А может быть, будь на месте вечно гонимого, худого и проворного Казимира Бляха кто-нибудь другой, к примеру вышедший на улицу перекурить Степан Терентьевич Рогов, то уж Степану Терентьевичу горшок этот непременно пришелся бы по темени, по самой его беззащитной и уязвимой макушке... Не так увертлив и быстр Степан Терентьевич, задней мыслью только силен...
Самое же верное - предположить, что тут просто произошла элементарная ошибка в расчетах, потому что царствует на этой земле уже не мудрый ветхозаветный рок, а доделывающий историю человечества невежественный, самодовольный, кровожадный дилетант и неумеха. Он-то и не учел величин относительных, не сделал математической поправки на то, что за время падения горшка Казимир Бляхъ успеет сделать двадцать первый шаг.
Время непрофессионалов.
У человека, находящегося в радостной эйфории, реакции бывают несколько замедленны, но в конце концов, несмотря на легкое запоздание, проявляются они достаточно интенсивно. И, ничего еще умом не осознав, Казимир Бляхъ рефлекторно втянул голову в плечи и рефлекторно же высоко подпрыгнул оттого, что по его щиколоткам резко и больно стегнули осколки разбившегося вдребезги горшка - черепки! - и одновременно с этим страшный лопающийся звук совершившейся катастрофы ахнул за спиной.
О, как мгновенна мысль, никакая скорость света не сравнится со скоростью мысли! В десятую долю секунды в мозгу Казимира Бляха вспыхнула ярчайшая картина: за спиной его с костяным стуком торчком обрушивается на булыжник мостовой сорвавшееся с подоконника тело молоденькой горничной, и она успевает судорожно вцепиться в его щиколотки своими острыми кистями скелета и готова живьем утащить в адскую пропасть, в проклятую вечность, а потому ноги Бляха сами собою взбрыкивают, и он еще раз подскакивает над землею... Одновременно он понимает, что так не бывает, что никто его живьем никуда не утащит, и, не опустившись еще после прыжка на землю, он знает уже про себя самое главное и существенное - жив!
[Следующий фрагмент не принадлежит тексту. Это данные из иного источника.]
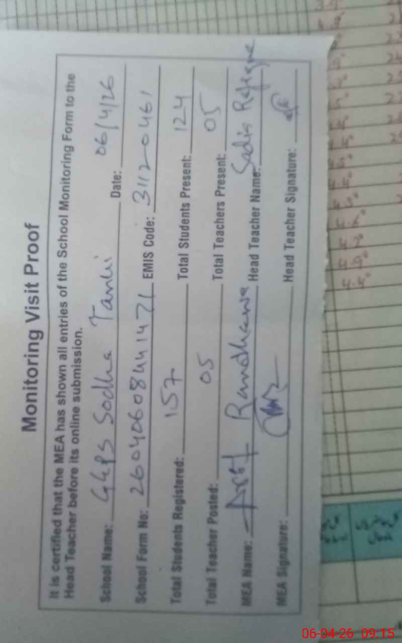 | EMIS Code: 31120461 | Name of School: GGPS SODAH TANKI | |||
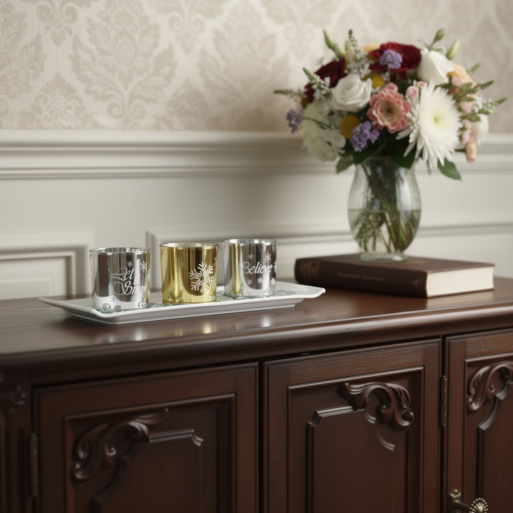 Set of Four Silver Gold And White Snowflake Glass Christmas Tabletop Candle Holders
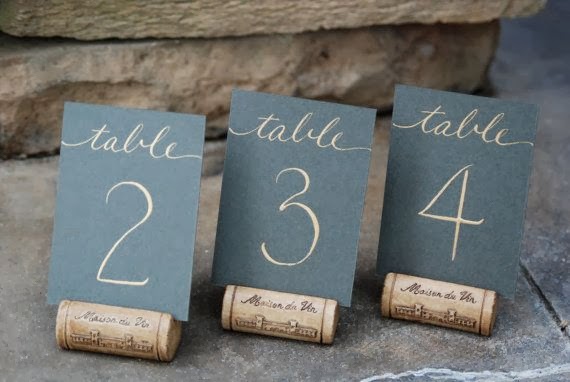 Una versión low cost sera utilizar corchos de botellas de vino con una ranura en su parte superior para colocar sobre ellos los números de las mesas; quedan muy bonitos y son realmente originales, pero cuidado con usarlos en montajes en exterior, en cuanto haya un poquito de aire se nos pueden venir abajo (aunque usemos cinta de doble cara para mantenerlos en pie).
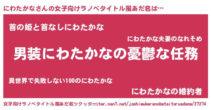 | 男性向けラノベタイトル風あだ名 | 『うちのにわたかなが世界を掌握している!』 |
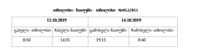 გაზრდილი მგზავრთნაკადის მომსახურების მიზნით, 12 ოქტომბერს თბილისიდან და 14 ოქტომბერს ბათუმიდან “საქართველოს რკინიგზა“ დამატებით რეისებს ნიშნავს.
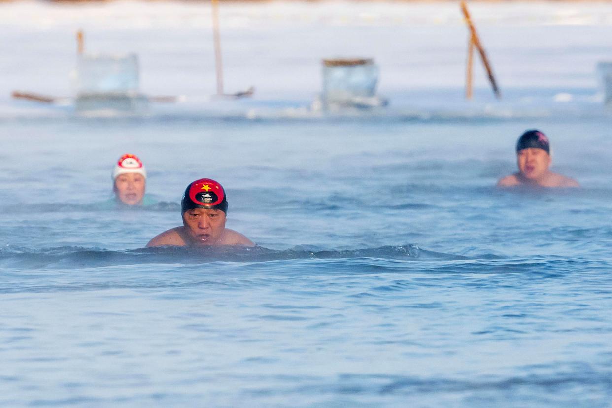 2026年1月13日,黑龙江省齐齐哈尔市冬泳爱好者在严寒中冬泳。新华社发(王勇刚摄)
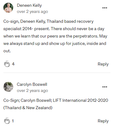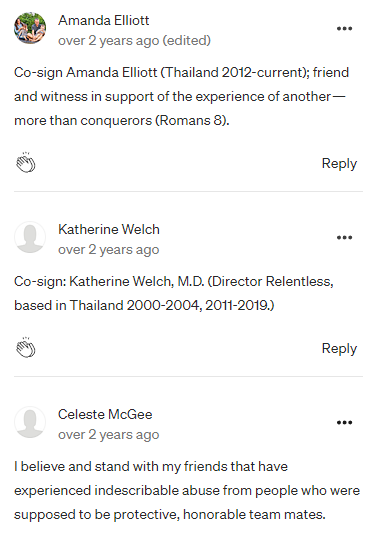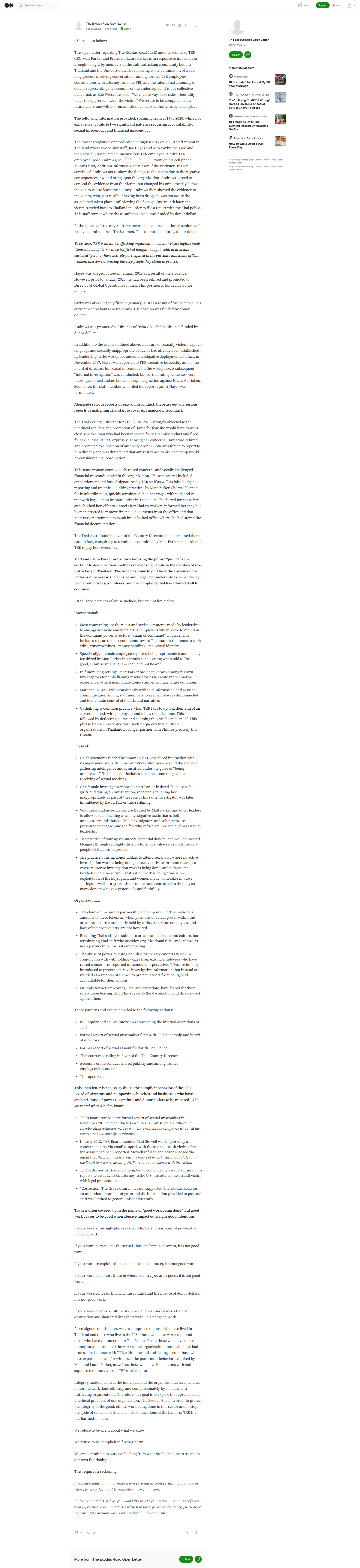 As co-signers of this letter, we are comprised of those who have lived in Thailand and those who live in the U.S., those who have worked for and those who have volunteered for The Exodus Road, those who have raised money for and promoted the work of the organization, those who have had professional contact with TER within the anti-trafficking sector, those who have experienced and/or witnessed the patterns of behavior exhibited by Matt and Laura Parker, as well as those who have linked arms with and supported the survivors of TER’s toxic culture.
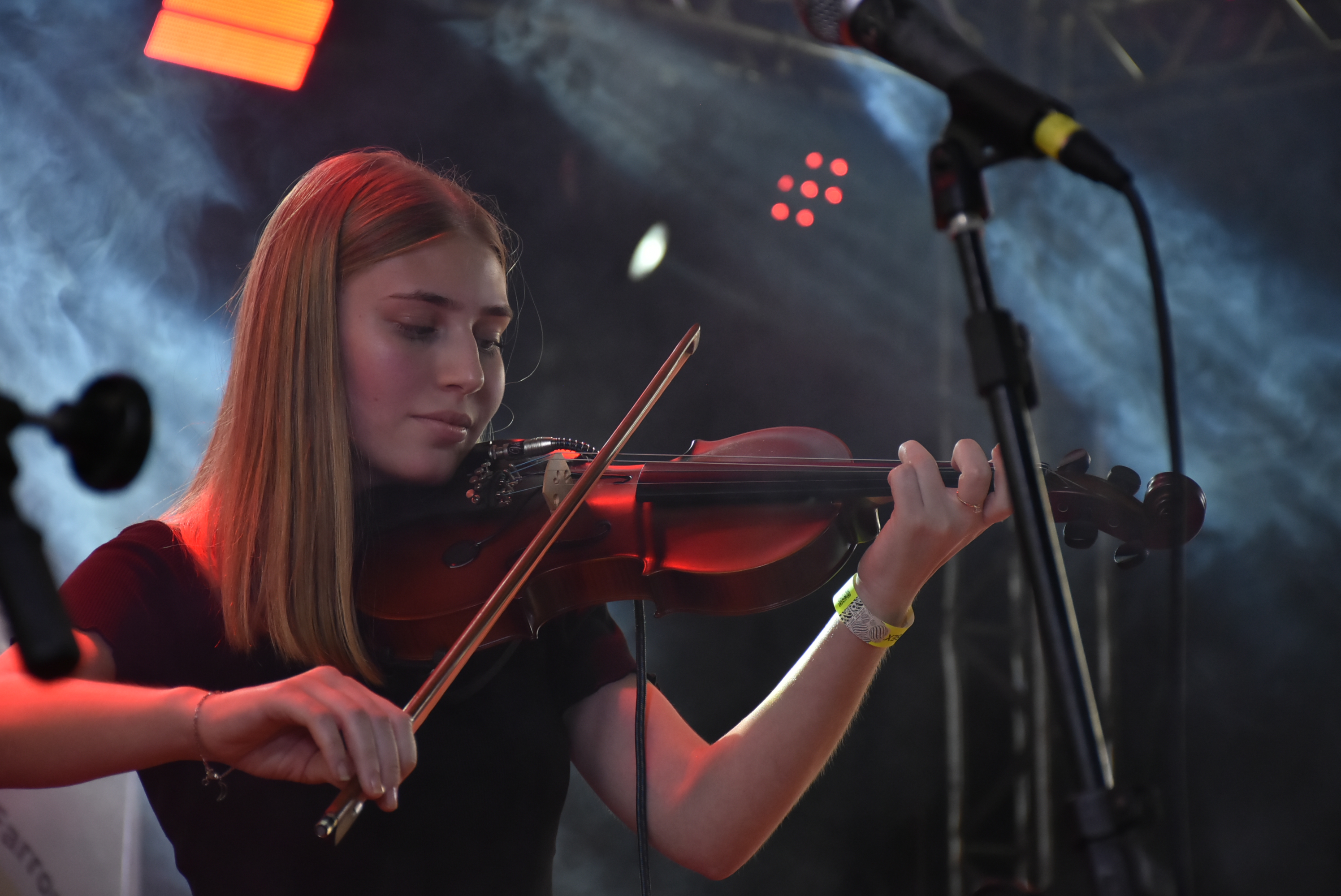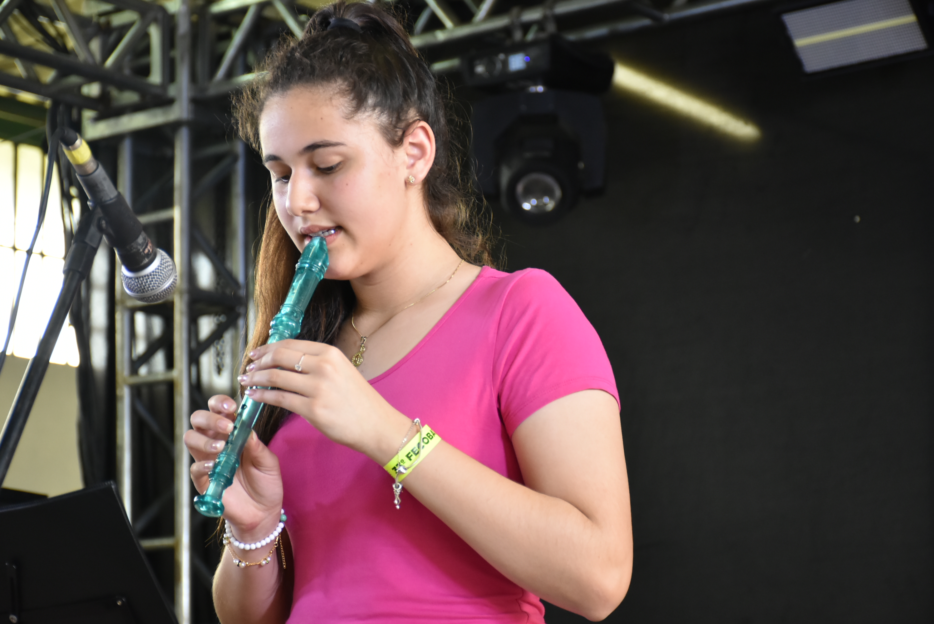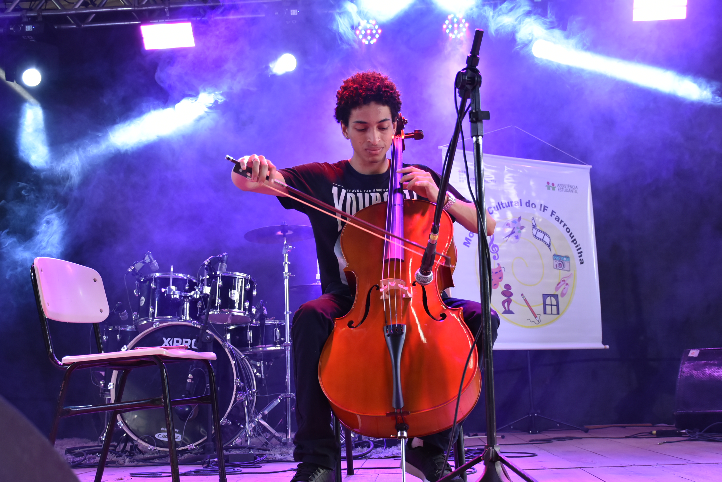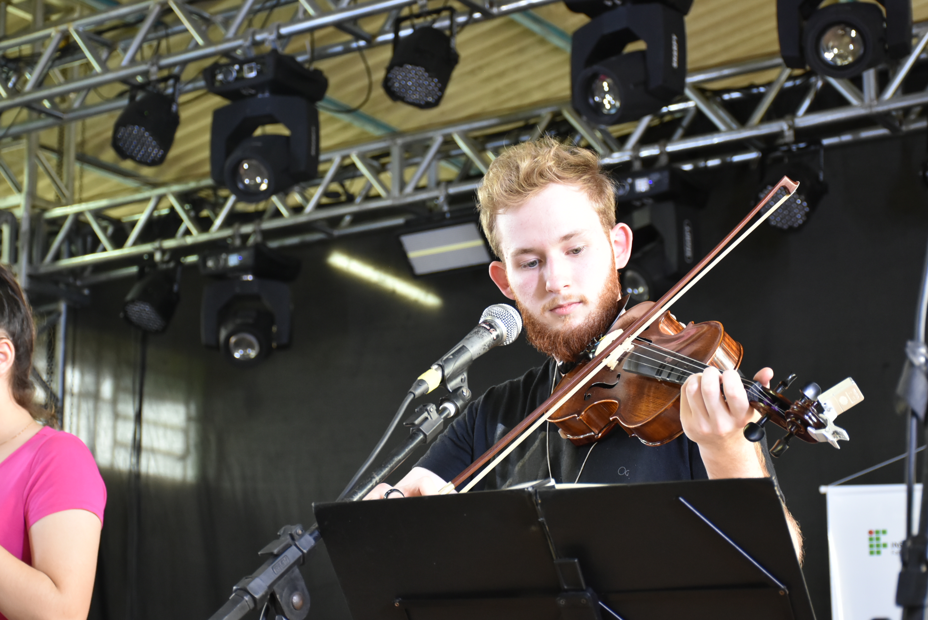 Foto: aluna do IFFar toca violino durante a XI Mostra Cultural no Campus São Vicente do Sul

Он приземляется, ухитрившись каким-то образом развернуться в полете всем телом, и успевает заметить, что разбился всего лишь обыкновенный цветок герани.
Разумеется, успевает Казимир Бляхъ подумать обо всем. О том, что сегодня дважды избежал смерти. О том, как смешно можно об этом рассказать близким, как он ни капельки не растерялся...
На самом деле он все-таки сильно перепуган, просто ноги не держат...
Казимир Бляхъ передергивает плечами и, поспешно отскочив от опасного места на середину мостовой, задирает голову. Из окна третьего этажа, закрыв ладошками нижнюю часть бледного как мел лица и выпучив глаза, выглядывает неловкая барышня.
- Сволочь лупоглазая! - кричит ей Казимир, машинально хлопая себя по бедру, где в прежнее время находилась у него кобура с револьвером. - Вот я тебя сейчас об стену головой, паскуда деревенская!.. Вот я тебя сейчас камнем зашибу, дрянь!..
Он нагибается над мостовой, ищет глазами камень, но, ничего не найдя, подбирает нервно дрожащей рукой острый осколок керамики, черепушку (и череп, и пушка!), и, коротко размахнувшись, швыряет его в обидчицу. Осколок, не долетев даже и до второго этажа, стукается в стену, тихо и нестрашно, и падает на мостовую.
Барышня показывает ему розовый язык и проворно захлопывает окно.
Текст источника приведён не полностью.